• **Exercise**:
Since the listing below shows pictures, leave them out and write out exactly the lines from the line with "A kanapé nyitható" to the line with "凸起的 V 形針織套頭衫,面料蓬鬆宜人。", both included, and no others.

(Source data Opens)

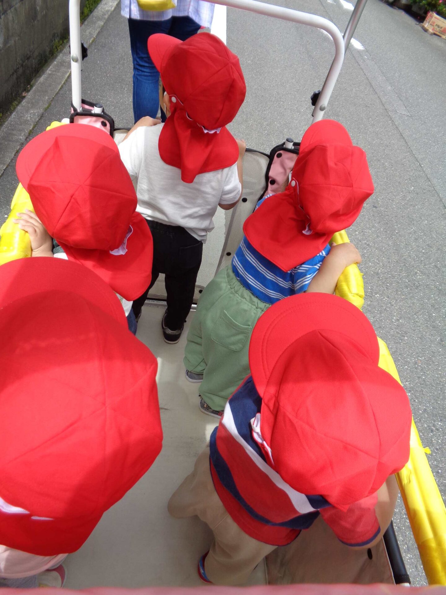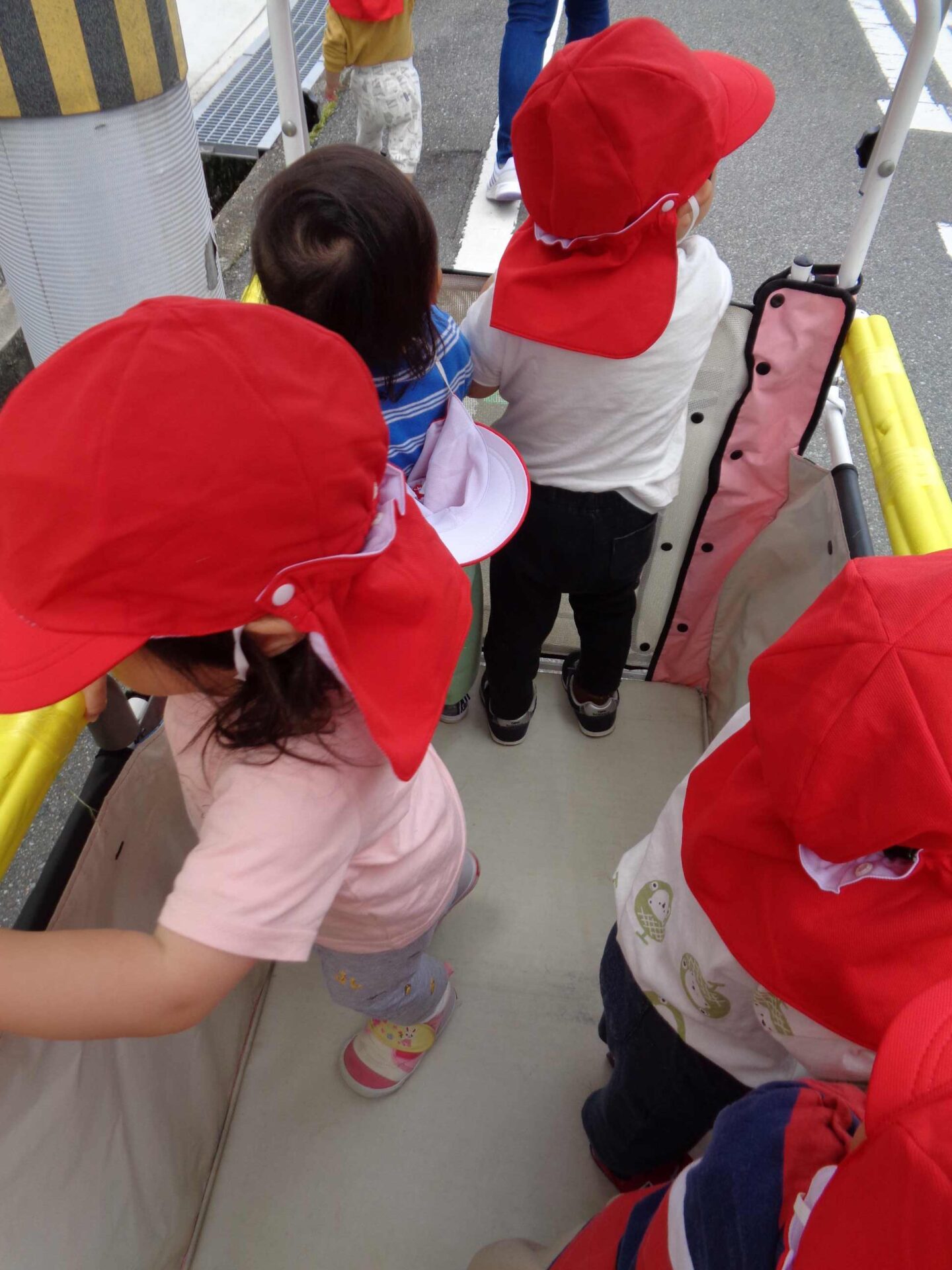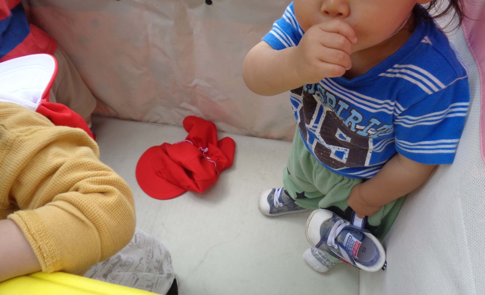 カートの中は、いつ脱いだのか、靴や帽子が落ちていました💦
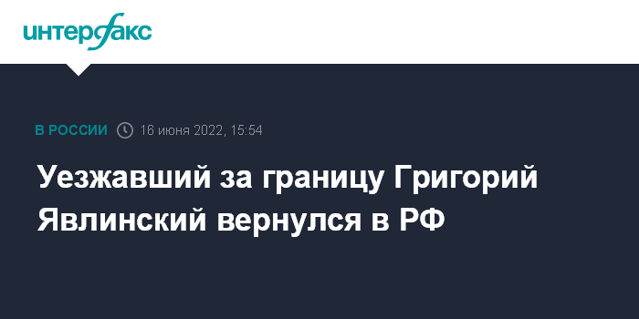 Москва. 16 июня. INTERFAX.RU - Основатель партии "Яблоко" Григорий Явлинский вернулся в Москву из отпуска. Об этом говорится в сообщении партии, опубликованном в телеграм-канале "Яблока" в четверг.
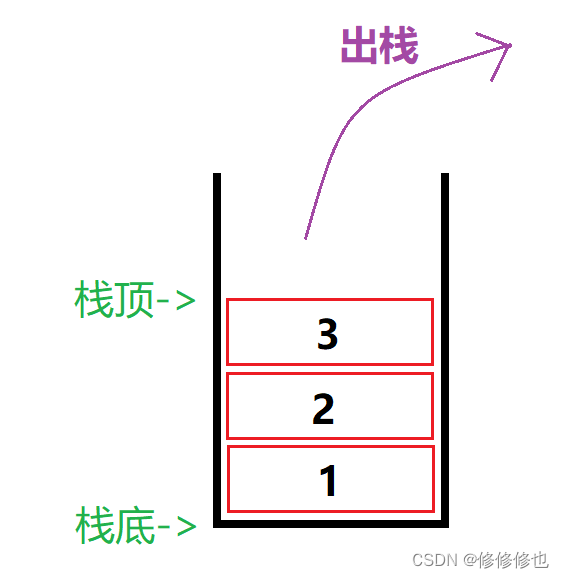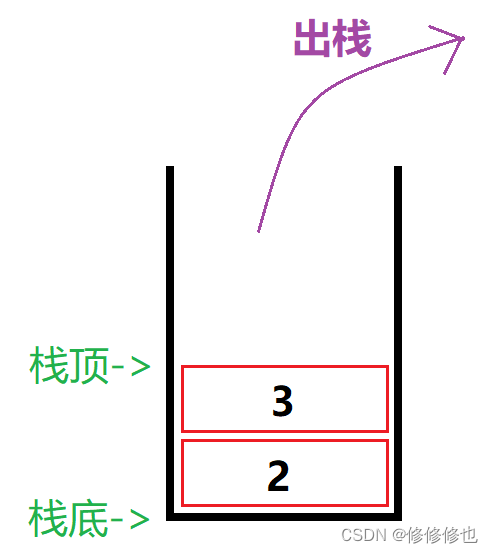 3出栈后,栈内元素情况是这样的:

(Source data Closes)
(Source data Opens)

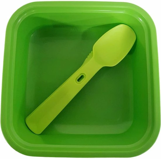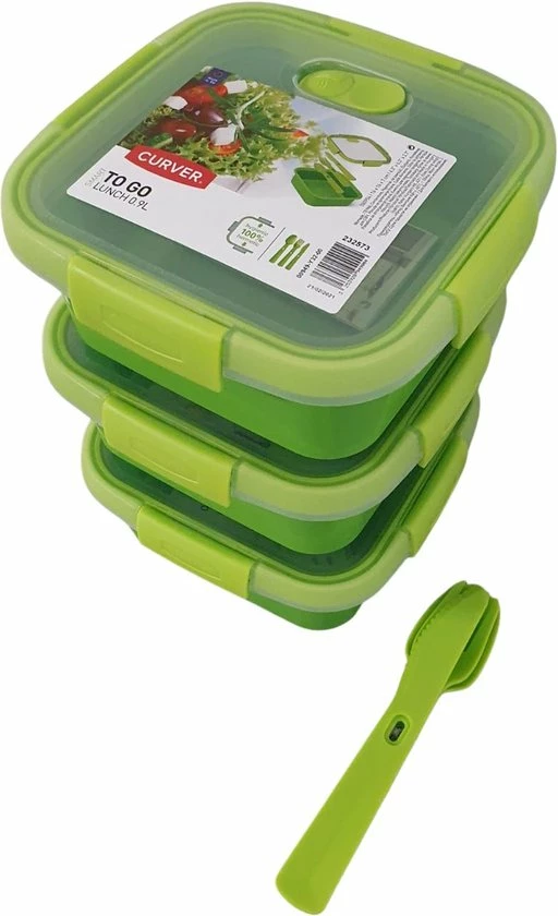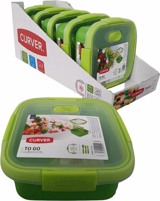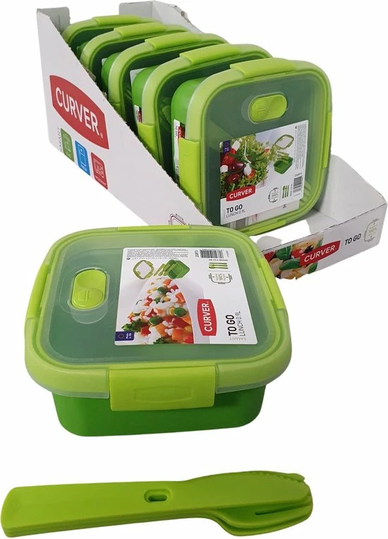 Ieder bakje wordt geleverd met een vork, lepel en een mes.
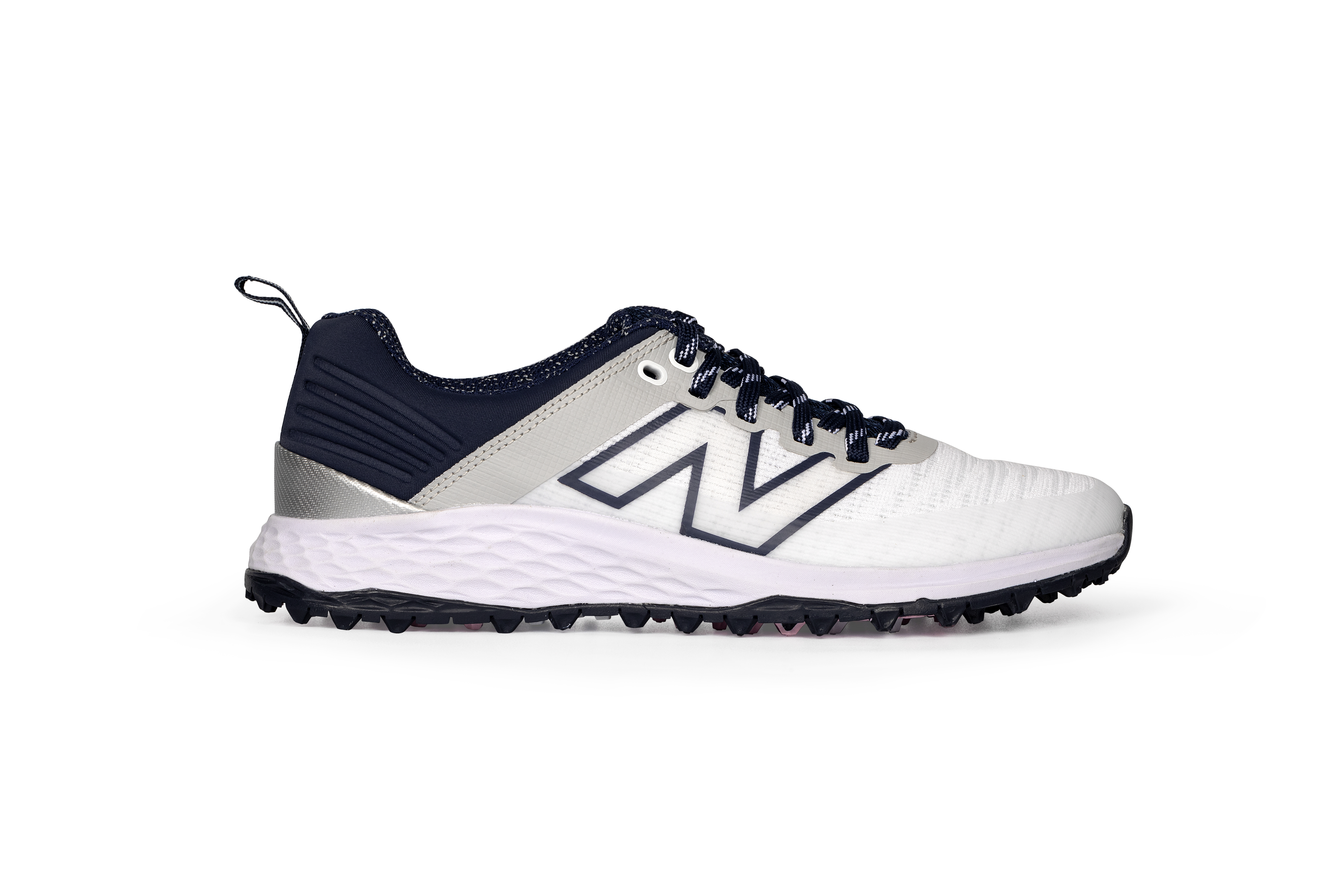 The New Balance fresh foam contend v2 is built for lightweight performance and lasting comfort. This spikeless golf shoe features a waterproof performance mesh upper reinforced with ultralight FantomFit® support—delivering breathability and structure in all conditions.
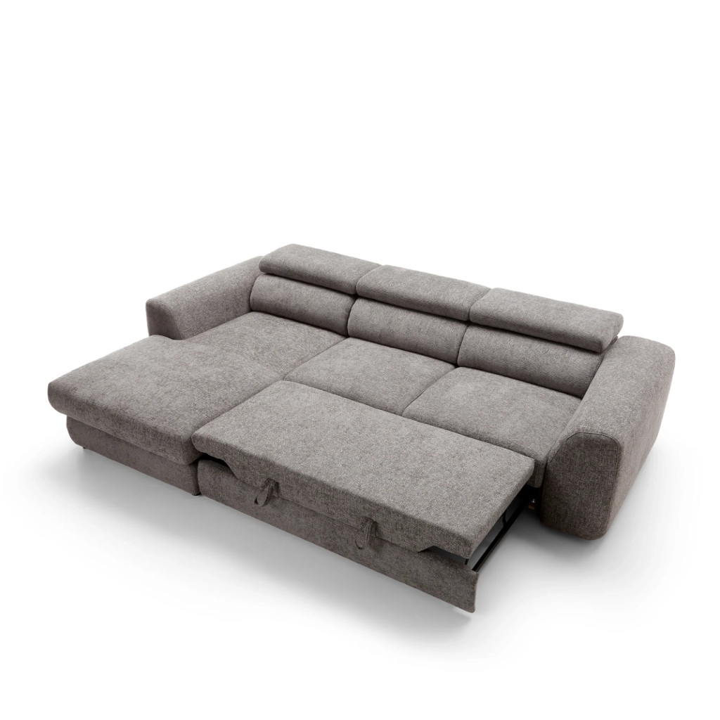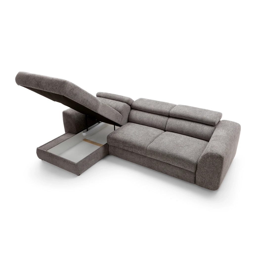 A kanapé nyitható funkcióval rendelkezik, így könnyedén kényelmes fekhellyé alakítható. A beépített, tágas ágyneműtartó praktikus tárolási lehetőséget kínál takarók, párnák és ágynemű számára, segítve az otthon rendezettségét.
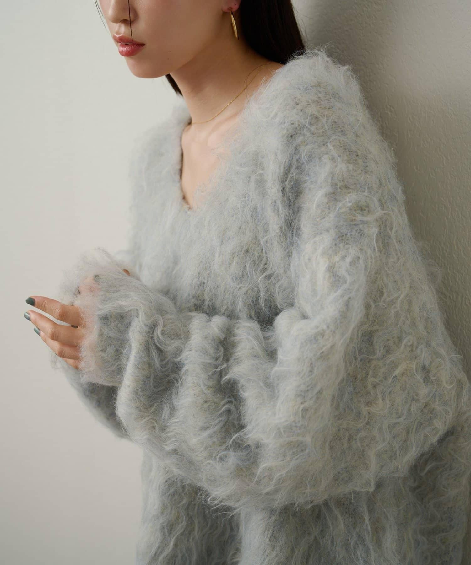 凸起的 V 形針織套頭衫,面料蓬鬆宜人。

(Source data Closes)

• **Task solution**:
 A kanapé nyitható funkcióval rendelkezik, így könnyedén kényelmes fekhellyé alakítható. A beépített, tágas ágyneműtartó praktikus tárolási lehetőséget kínál takarók, párnák és ágynemű számára, segítve az otthon rendezettségét.
 凸起的 V 形針織套頭衫,面料蓬鬆宜人。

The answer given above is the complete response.